Arthur’s top pick of spring flowers that have been flowering in the courtyard garden this spring.
‘Abu Hassan’ – Triumph Tulip – A rich, mahogany red with each petal edged with deep buttercup yellow. This was a favourite tulip of the late Christopher Lloyd and can still to be seen planted in mass at his garden Great Dixter. A perennial tulip, if the bulb is in well-draining soil – the secret of success with almost all spring bulbs, they should appear each spring for several years.
‘Queensday’ – Double tulip – A whopper of a tulip that is my favourite this spring. A really deep, blood orange colour with the petals folding into each other into the heart of the flower. It’s the sort of flower that Alice in Wonderland would have found in Wonderland and I’m inclined to fill the whole garden with hundreds of this variety!
Narcissi ‘Geranium’ – The later flowering Narcissi are the ones to go for as they rarely come in the typical earlier rubber duck yellow! Geranium has been pumping out its scent as a cut flower for weeks now at the factory, in our shops and in the garden it’s been set as backing flower of the outer raised beds. Its stems are strong and each consists of several flowers and has been in flower now for nearly two months!
Muscari – Grape Hyacinth – These have been brilliant, happily growing in the smallest of the vintage, terracotta pots that fit into the cast iron auricular stand, placed on an old table which I’ve painted a matching Moroccan blue this spring. In the ground, they will spread quickly and happily so are great for a neglected spot where they can romp away.
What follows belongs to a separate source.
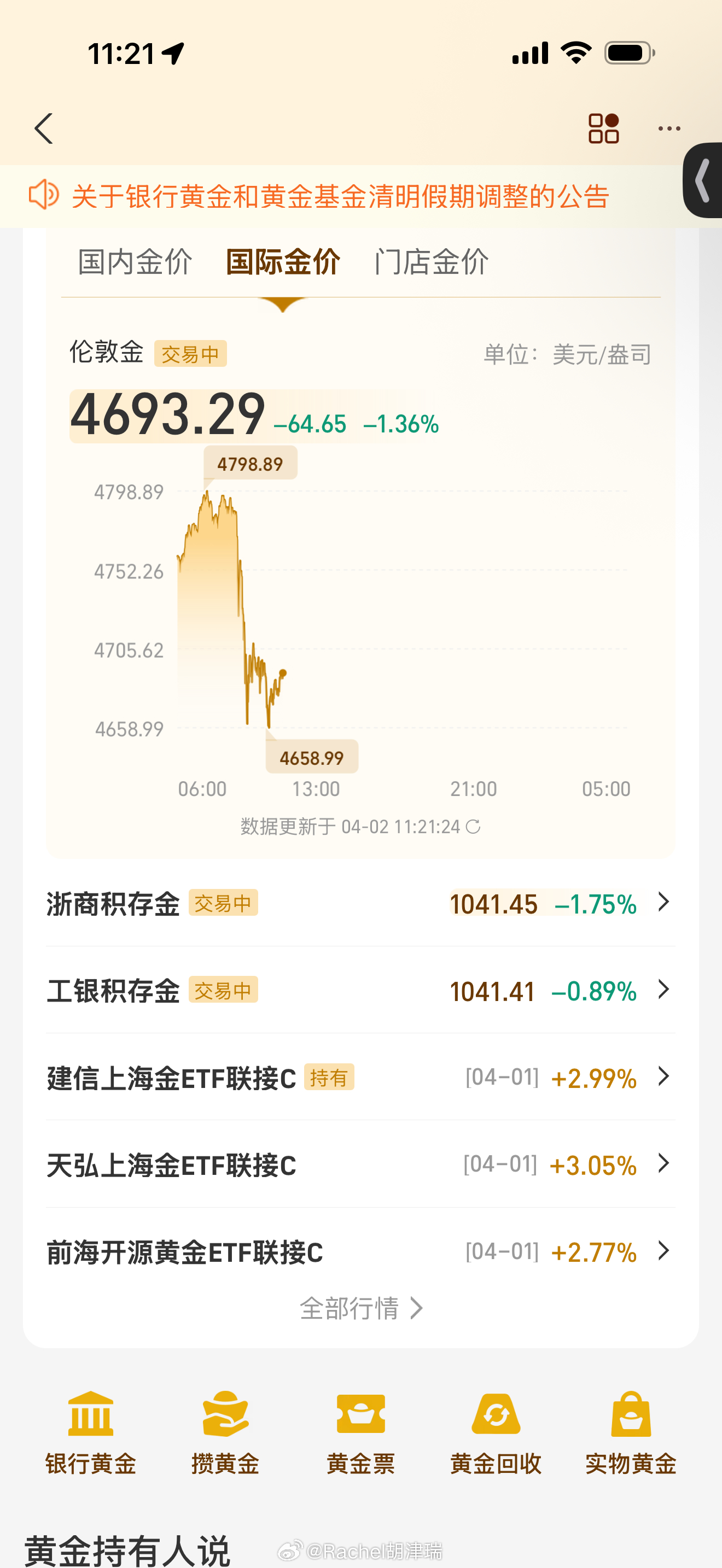 金价冲到1021,我直接清仓了!3月31日金价一破千,我立马把手里的黄金全

Another spring flower rich in nectar for pollinators and scented too.
Wallflowers – Grow these from seed, sowing them in September for large bushy plants that you can then over plant the tulips. They will over winter, looking sad, then will come to life with gusto in late March. Their scent is unbeatable; they are like the sweet peas of spring. Go for ‘Blood Red’ or ‘Vulcan’.
Cerinthe Major– A hardy annual, when we have mild winters at least! It can be sown now for a late summer show but you can sow it in September as these were, over wintering them in a cold frame or sheltered place outside. Its common name is honey wort as it’s a magnet for pollinators.
Arthur is the gardener and florist at the Emma Bridgewater Factory.